Member of the Vermont House of Representatives from the Chittenden 6-2 district
- In office 2012–2021
- Preceded by: Mark Larson
- Succeeded by: Emma Mulvaney-Stanak

Personal details
- Born: New York City, U.S.
- Party: Democratic
- Education: Goddard College California State University, Los Angeles (BA) The New School

= Jean O'Sullivan =

American politician and member of the Vermont State House of Representatives

Jean O'Sullivan is an American politician who served in the Vermont House of Representatives from 2012 to 2021.
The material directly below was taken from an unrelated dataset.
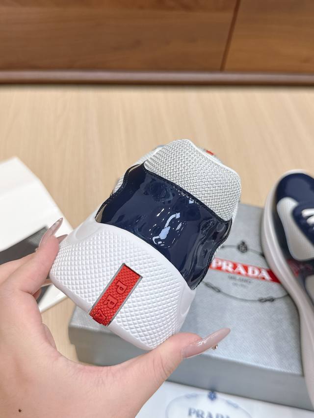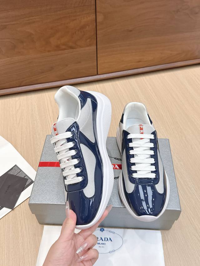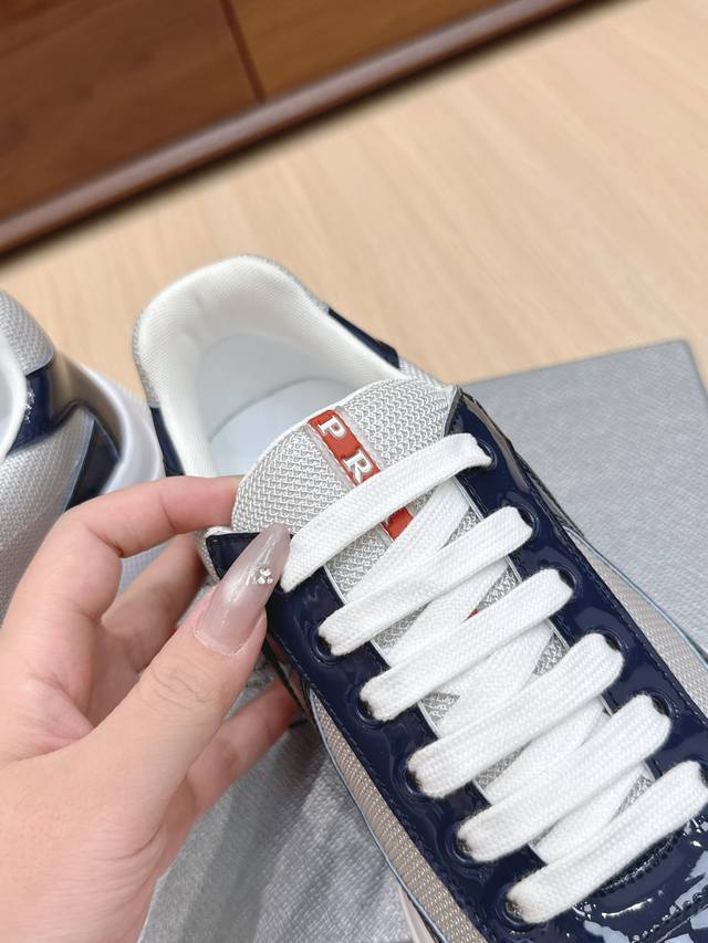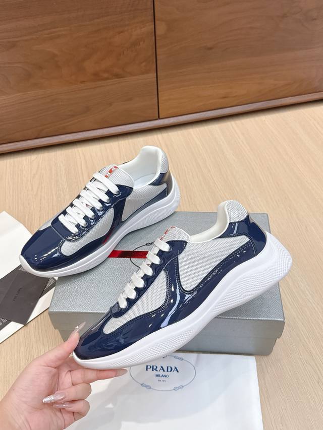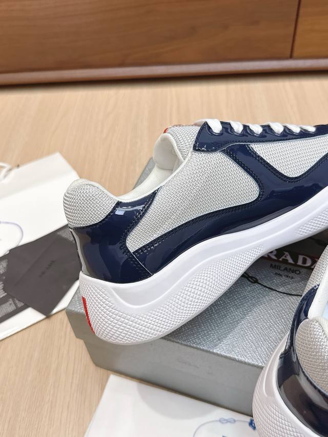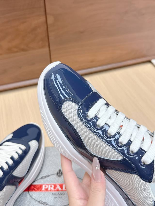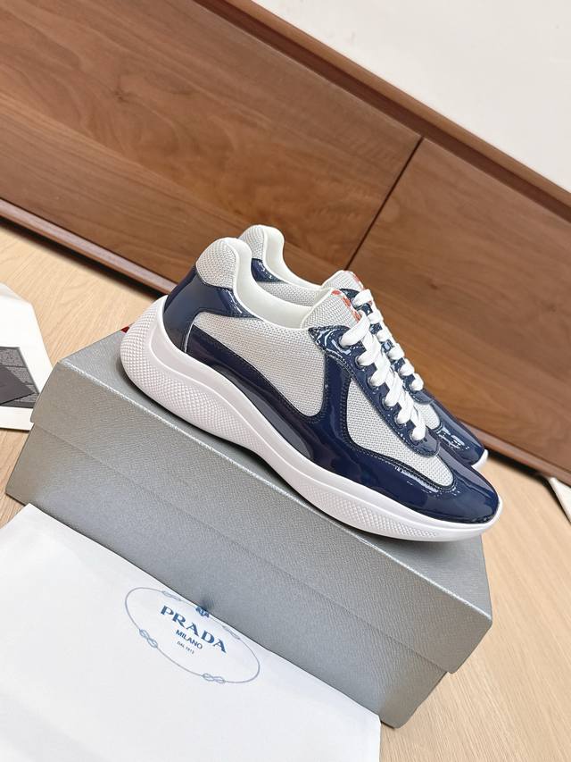 / 代购级 Prada普拉达America’S Cup系列 漆皮 网面 休闲 运动鞋 原版购入开发 做货 这款漆面皮革运动鞋内嵌Bike织物,灵感源自经典美学理念。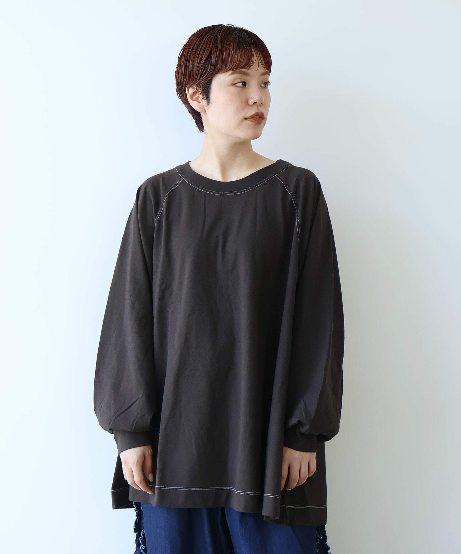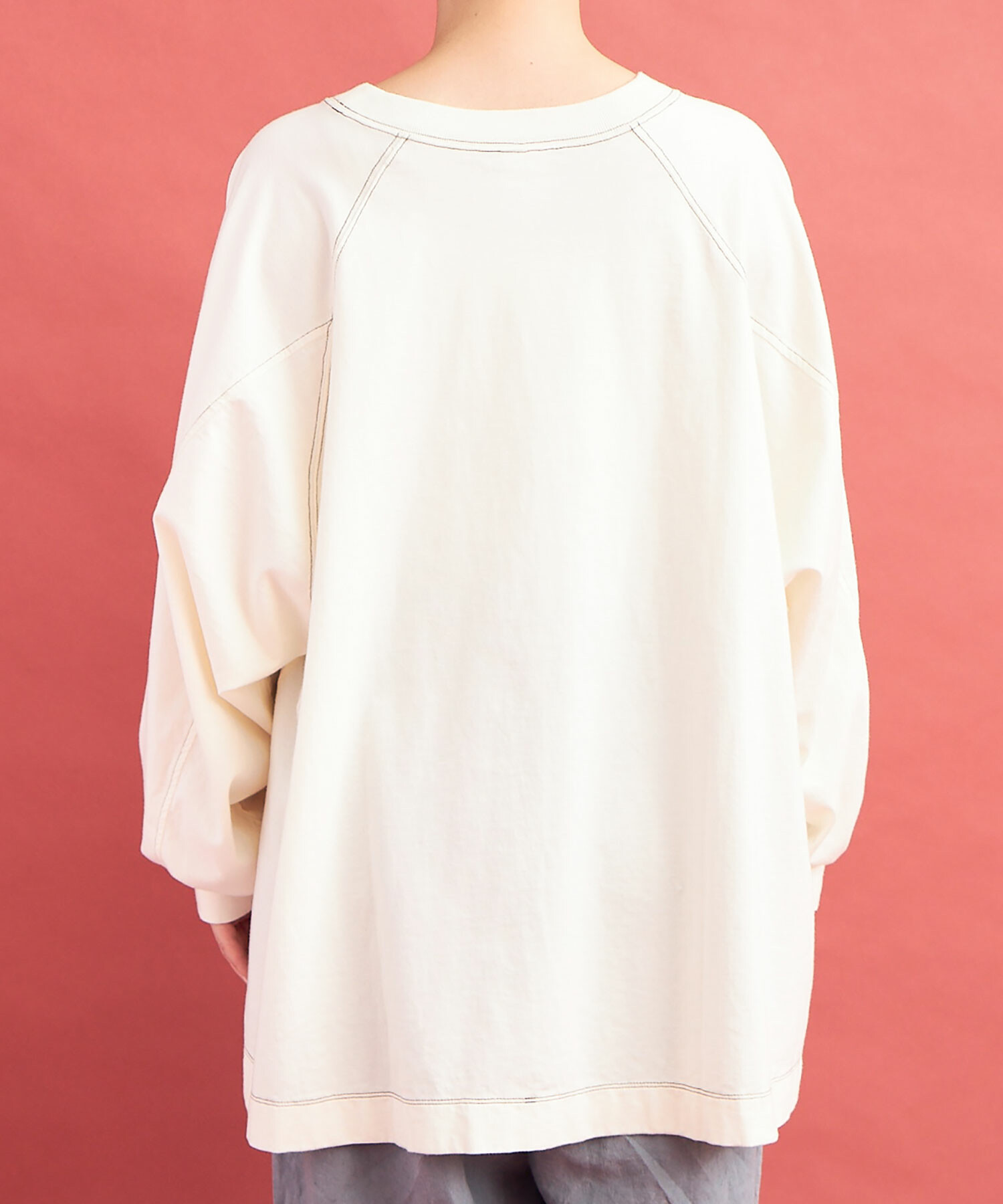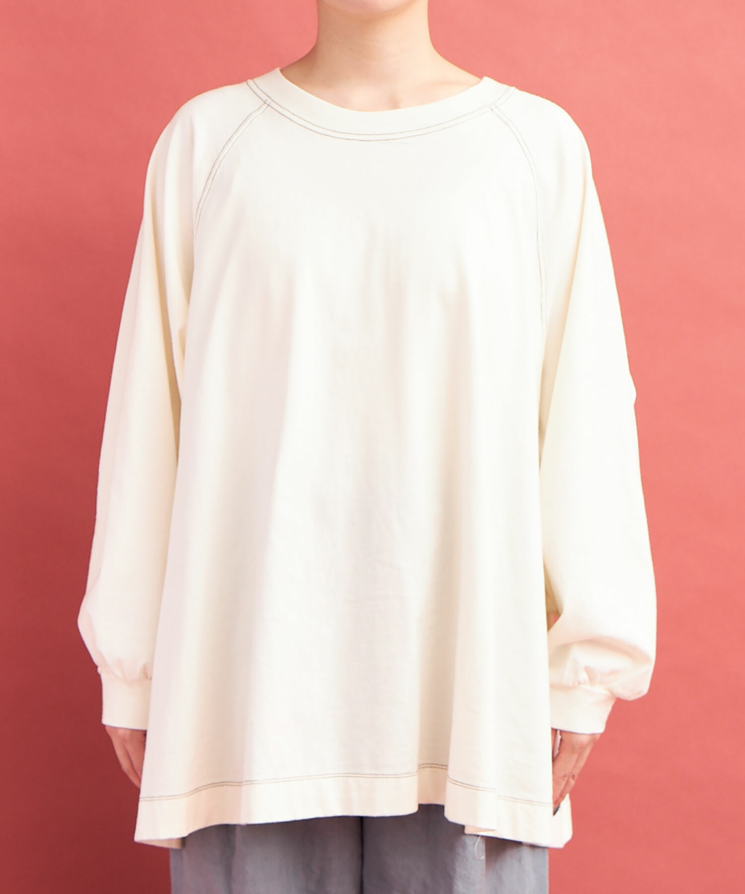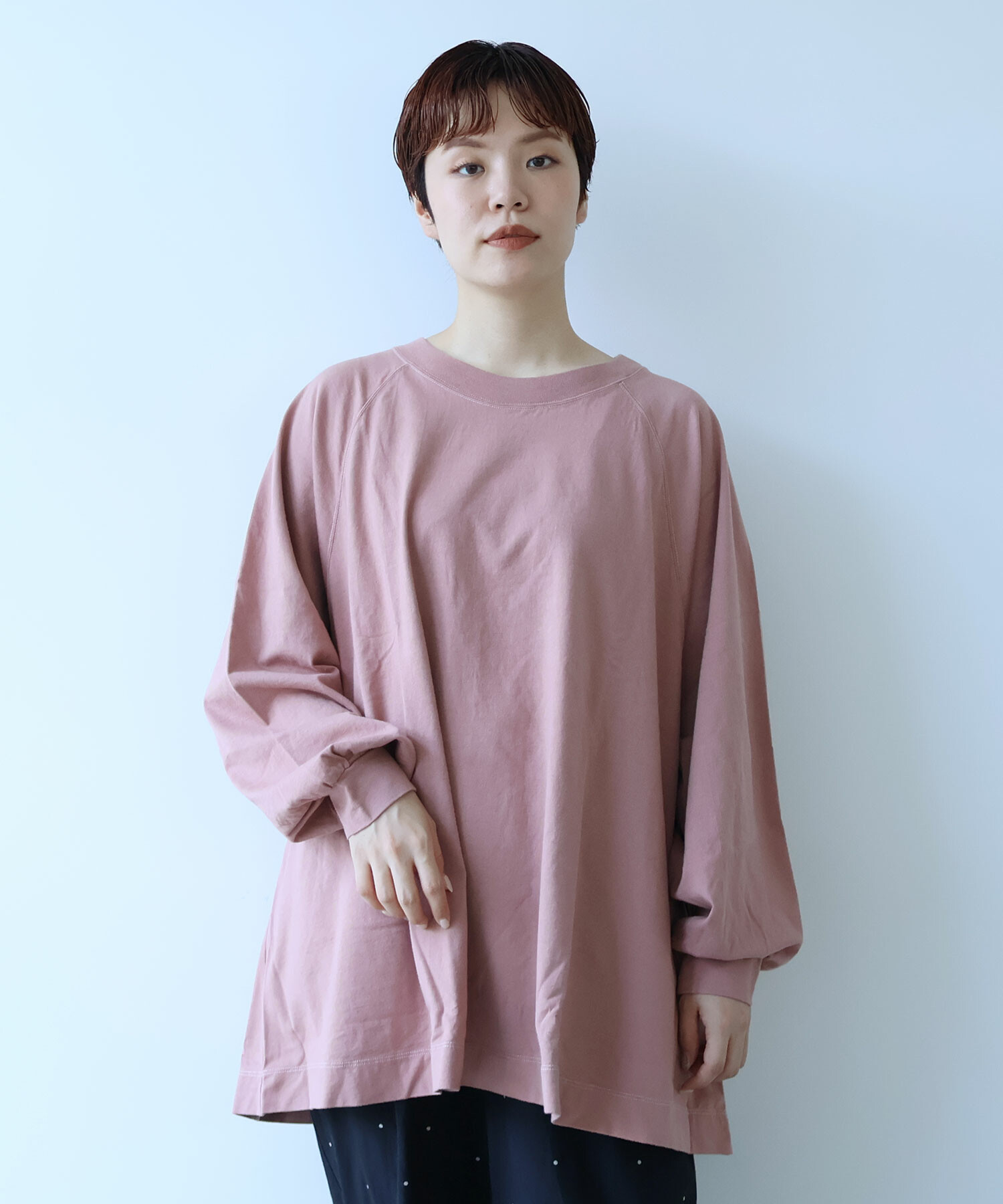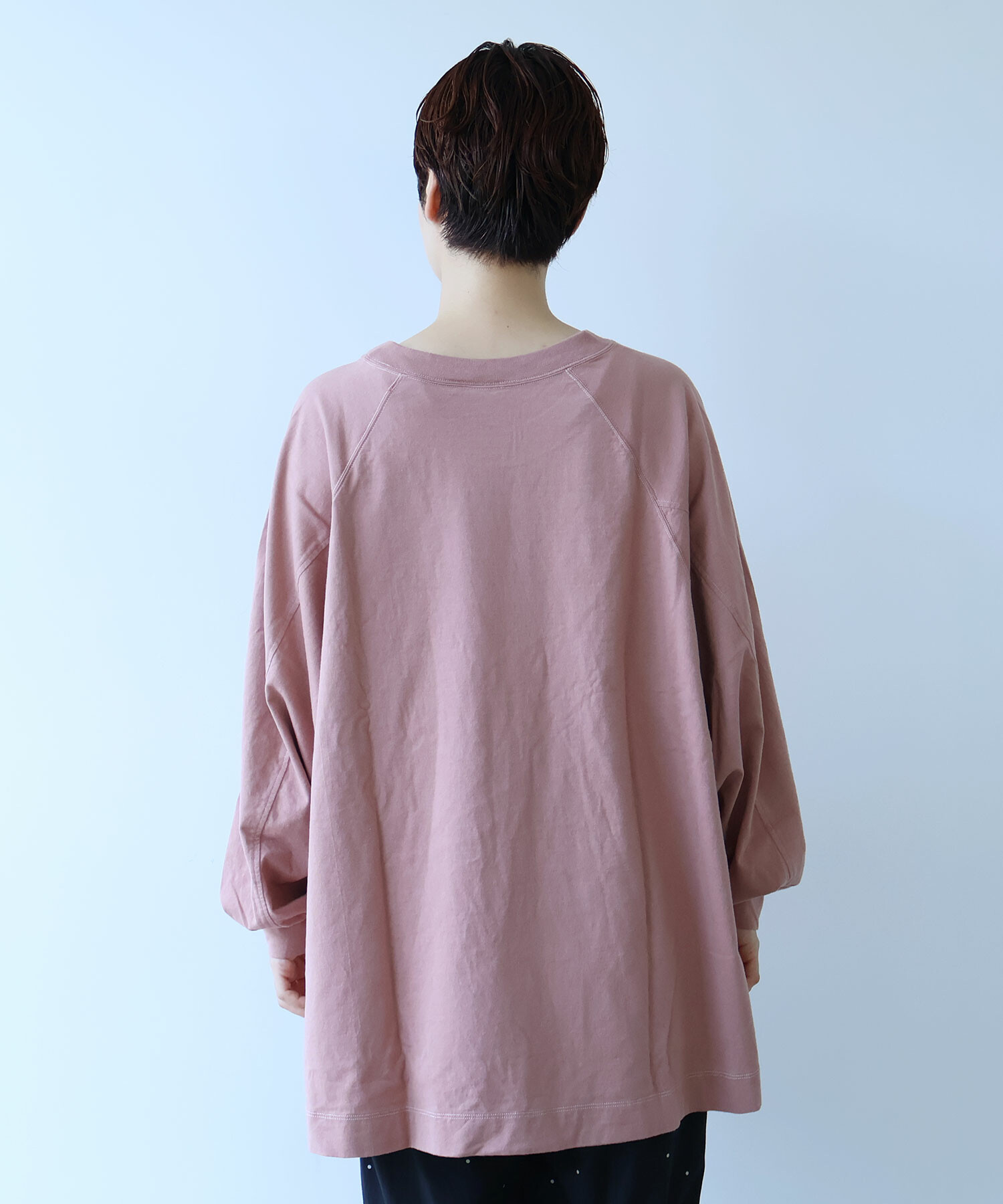 ラグランスリーブのワイドプルオーバー。

== Early life and education ==
Jean O'Sullivan was born in New York City, and was raised in Greenwich, Connecticut. She graduated with a degree in political science from California State College at Los Angeles, and the New School for Social Research. She spent three years at Goddard College in Plainfield, Vermont, which gave her a love of the state. In 1977, she moved to Vermont, where she owned a discount beverage store and a small chain of candy stores.

== Career ==
O'Sullivan was the ward, city, and county Democratic Chair from 1985 to 1990. She elected to the Burlington City Council from 2000 to 2005.

She was appointed to the Vermont House of Representatives in 2012. She served as Vice Chair of the Commerce, Economic and Workforce Development Committee. She also served on the General, Housing and Military Affairs Committee.

O'Sullivan lost the Chittenden-6-2 Democratic primary to Emma Mulvaney-Stanak in 2020.